My Daughter is in a school one state away. I don’t want to mention where she is from and I don’t want to mention where she is attending lets just say Northeast. She is starting her second semester and has been making friends like anyone else. does. She recently applied to join a sorority and was not picked , although ALL of her dorm friends, including her room mate were picked. I may also add that EVERY one of the friends picked were from the same state and my Daughter is from a different state. My Daughter is at a point where she wants to just pack up and leave. We have told her that’s a bad idea but if she’s that miserable she can come home ( I am not happy about it though) and go locally. Can anyone suggest a path for my Daughter to take? I have suggested speaking to her RA, going to a confidential counselor or joining a club like a dance club, a business club etc. My heart breaks for her !
I’m sorry about your daughters experience . I know you say she’s miserable but can she get involved in school other ways? I’m not aware of your situation if dropping out a the middle of the semester can cause some issues with the school .I have a younger cousin this happened to but she ended up joining a club and met a great group of friends . Does your daughter have a group friends she can hang out with it not in a sorority? I know how cliquey some can be. But if she is depressed or it is affecting her grades then maybe she should come home. But if not she can reach out to other ppl not involved in Greek life? I don’t know if is Greek life is a big deal at the school she attends. But I know when you feel left out it can be depressing . This happened to me in high school and caused my grades to slip . The main goal college is education and we all will experience rejection as young adults. but if her social life begins to affect her grades and she becomes depressed she should come home .

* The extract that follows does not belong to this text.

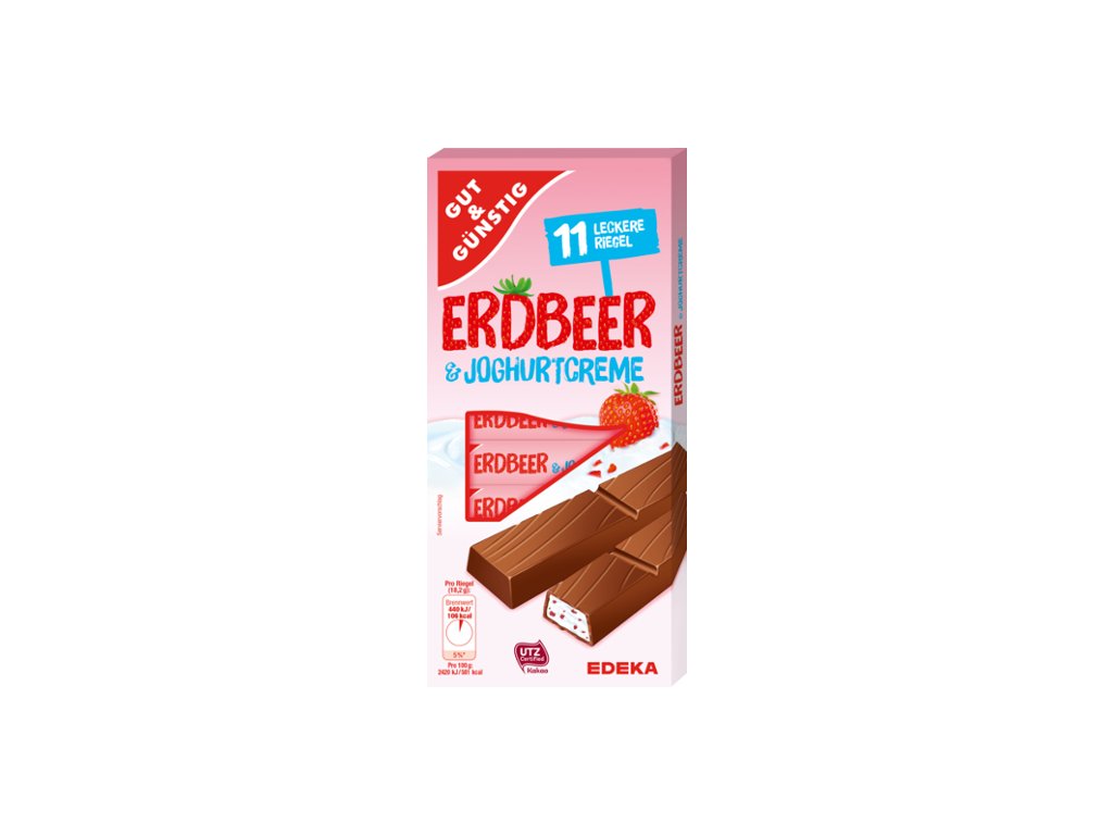 Máte chuť na něco sladkého, krémového a zároveň svěžího? Jogurtovo-jahodové tyčinky GUT&GÜNSTIG vás nadchnou svou jemnou mléčnou čokoládou a bohatou náplní z jogurtu a jahod. Každá tyčinka ukrývá 50 % krémové jahodovo-jogurtové náplně, kterou doplňují křupavé jahodové kousky pro ještě zajímavější chuťový zážitek. Díky praktickému balení po 11 kouscích máte jistotu, že si je můžete vychutnat kdykoliv během dne – doma, v práci nebo na cestách.

We have tried to convince her that sororities are not the end all to her world and even told her that a sorority is not what college is all about. We are hoping that she has listened and will join some club but right now we just try to stay in touch without being “helicopter parents”. She’s a big girl now and I feel she needs to stand on her own two feet. Anything short of bullying or a physical altercation I think she can handle, we just need her to make the first step to join something!